In all four species, only even-chain alkanoic acids in the range of nC14 to nC28 and alcohol moieties ranging from nC18 to nC32 were observed resulting in even-chain alkyl esters. In B. nana, nC20 was the overall dominant ester-bound alkanoic acid moiety with 62.2 μg/g d.w. and nC24 the most prominent ester-bound alcohol with 58.9 μg/g d.w.. In the shorter nC38 and nC40 esters shorter ester-bound alkanoic acids with 14 and 16 carbon atoms as well as shorter ester-bound alcohols like nC22 occurred. The ester homologues of B. humilis, B. pubescens and B. pendula were dominated by short-chain nC16 bound alkanoic acid moieties (841.5, 368.8, 75.7 μg/g d.w.), while nC20 was the most dominant alkanoic acid homologue in the long-chain alkanoic acid fraction (190.6, 38.0, 33.4 μg/g d.w.). However, compared to the short-chain alkanoic acids, the long-chain homologues were less abundant in concentrations up to factor of 10. The major esterified alcohol within the three species varied significantly. B. humilis was dominated by nC20 (744.2 μg/g d.w.), B. pubescens by nC22 (346.6 μg/g d.w.) and B. pendula by nC24 (82.7 μg/g d.w.) and nC22 (81.2 μg/g d.w.) bound alcohols.

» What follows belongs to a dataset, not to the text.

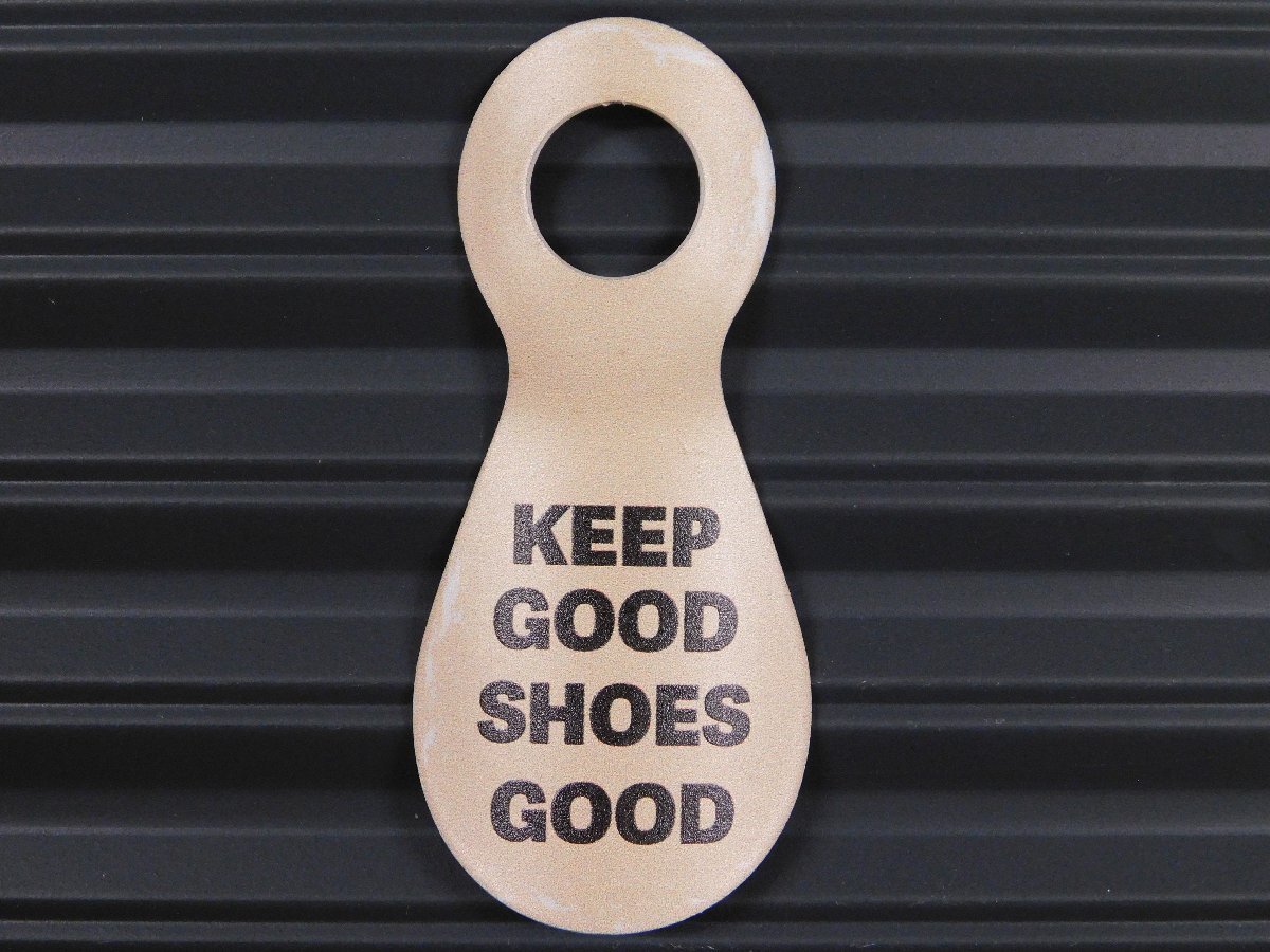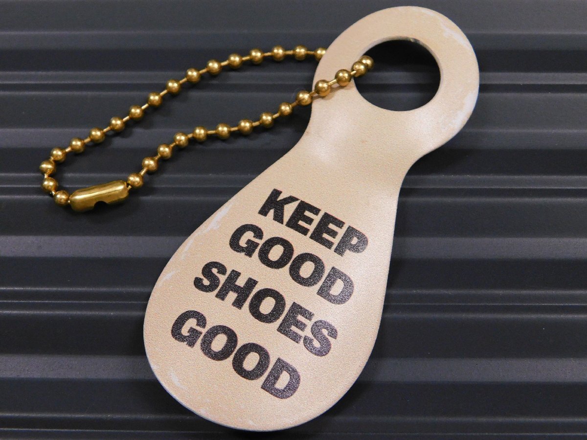 メタルボディーにカラーコーティングが施された、「シューホーンキーホルダー」です。

The bound n-alkanoic acid and n-alcohol moieties of wax esters might be released during hydrolysis upon incorporation of alkyl esters into soil or during early burial stages in sediments. As consequence, the amount of hydrolysis-released, previously ester-bound n-alkanoic acids and n-alcohols in a sediment will impact on the quantity and distribution pattern of free n-alkanoic acids and n-alcohols derived from leaf waxes [70] and needs to be considered in paleovegetation reconstruction. However, intact wax esters can survive in sediments and can be used for paleovegetation reconstruction [63,75,76] as well.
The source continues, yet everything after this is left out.